(Beginning of DATA FOR REVIEW)
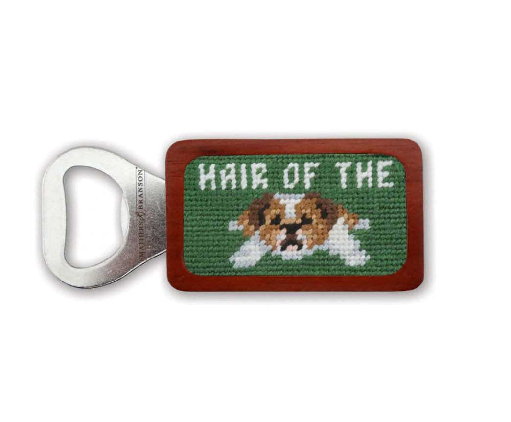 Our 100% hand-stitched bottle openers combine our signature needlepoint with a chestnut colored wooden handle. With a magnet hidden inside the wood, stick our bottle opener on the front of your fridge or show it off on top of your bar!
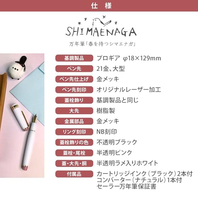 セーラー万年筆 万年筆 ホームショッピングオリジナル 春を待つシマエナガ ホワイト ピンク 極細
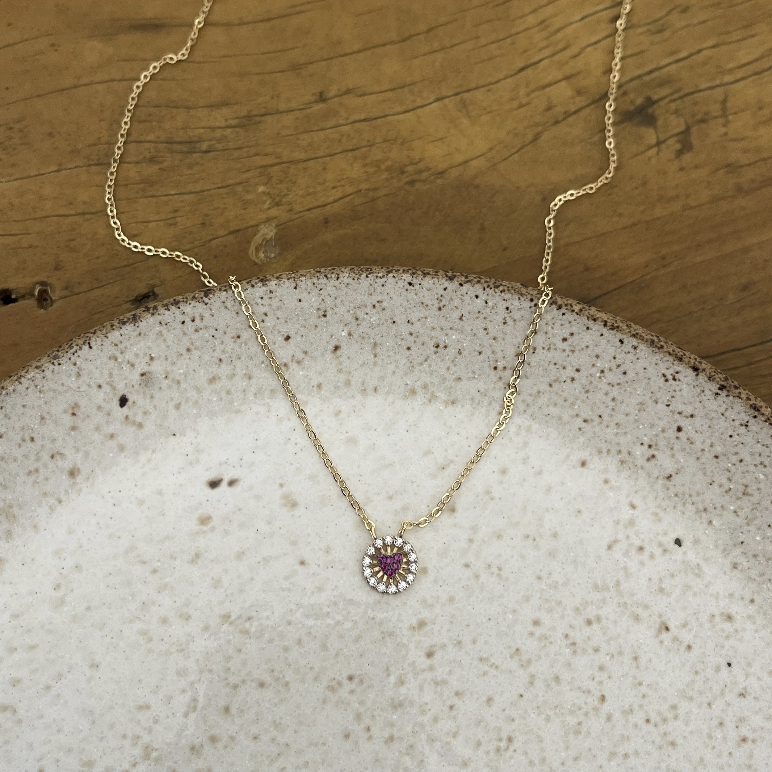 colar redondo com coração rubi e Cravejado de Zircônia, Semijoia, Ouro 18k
(End of DATA FOR REVIEW)
(Beginning of DATA FOR REVIEW)
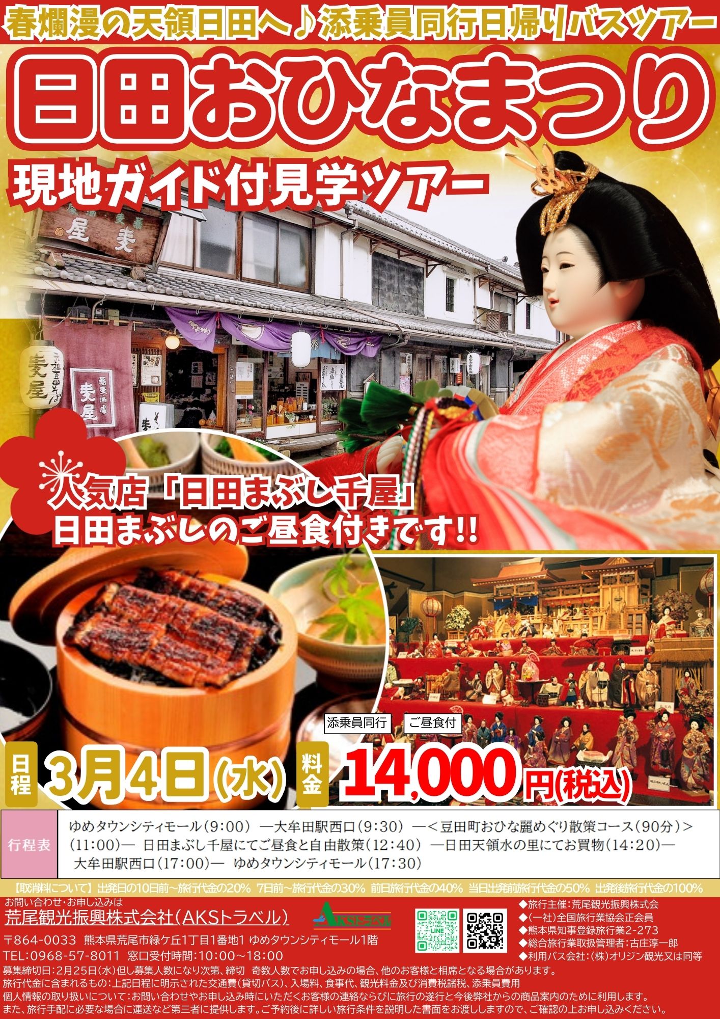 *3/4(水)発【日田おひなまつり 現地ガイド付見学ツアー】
(End of DATA FOR REVIEW)
(Beginning of DATA FOR REVIEW)
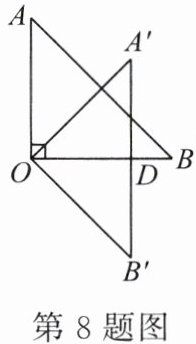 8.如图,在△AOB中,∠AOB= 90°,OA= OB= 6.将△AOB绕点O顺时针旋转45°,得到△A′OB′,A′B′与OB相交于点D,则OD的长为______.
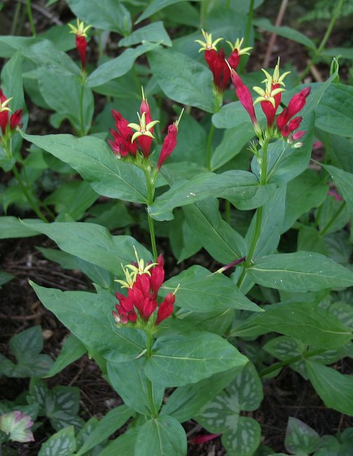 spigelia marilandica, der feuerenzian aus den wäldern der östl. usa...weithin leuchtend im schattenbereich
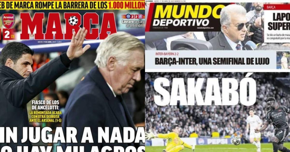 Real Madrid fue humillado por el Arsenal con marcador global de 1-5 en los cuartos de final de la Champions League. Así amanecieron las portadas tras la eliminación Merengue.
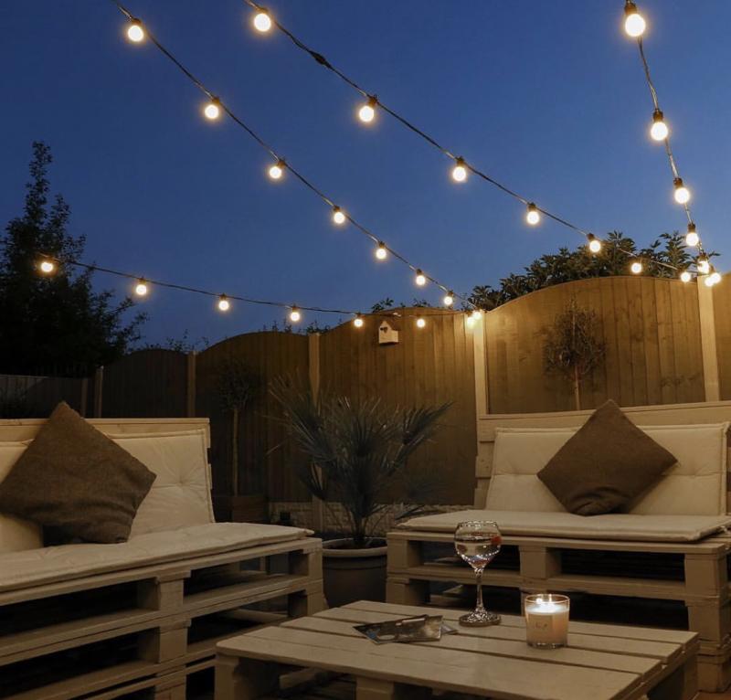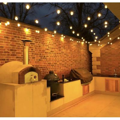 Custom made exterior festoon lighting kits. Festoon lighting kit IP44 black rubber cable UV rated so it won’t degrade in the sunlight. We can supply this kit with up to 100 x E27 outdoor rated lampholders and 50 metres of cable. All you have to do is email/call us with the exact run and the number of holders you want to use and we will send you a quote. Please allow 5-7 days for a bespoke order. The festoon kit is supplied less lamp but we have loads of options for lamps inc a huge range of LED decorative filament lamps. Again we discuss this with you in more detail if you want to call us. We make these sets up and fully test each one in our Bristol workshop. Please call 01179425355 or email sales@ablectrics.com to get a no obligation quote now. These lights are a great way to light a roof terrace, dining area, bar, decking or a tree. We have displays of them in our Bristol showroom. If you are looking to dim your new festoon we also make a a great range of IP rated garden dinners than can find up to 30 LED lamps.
(End of DATA FOR REVIEW)
**WHAT YOU ARE ASKED TO DO**
Using the data above, print only the lines starting at the one with "spigelia marilandica, der" and ending at the one with "Real Madrid fue", exactly as they stand, minus the pictures.

**EXPECTED OUTPUT**
 spigelia marilandica, der feuerenzian aus den wäldern der östl. usa...weithin leuchtend im schattenbereich
 Real Madrid fue humillado por el Arsenal con marcador global de 1-5 en los cuartos de final de la Champions League. Así amanecieron las portadas tras la eliminación Merengue.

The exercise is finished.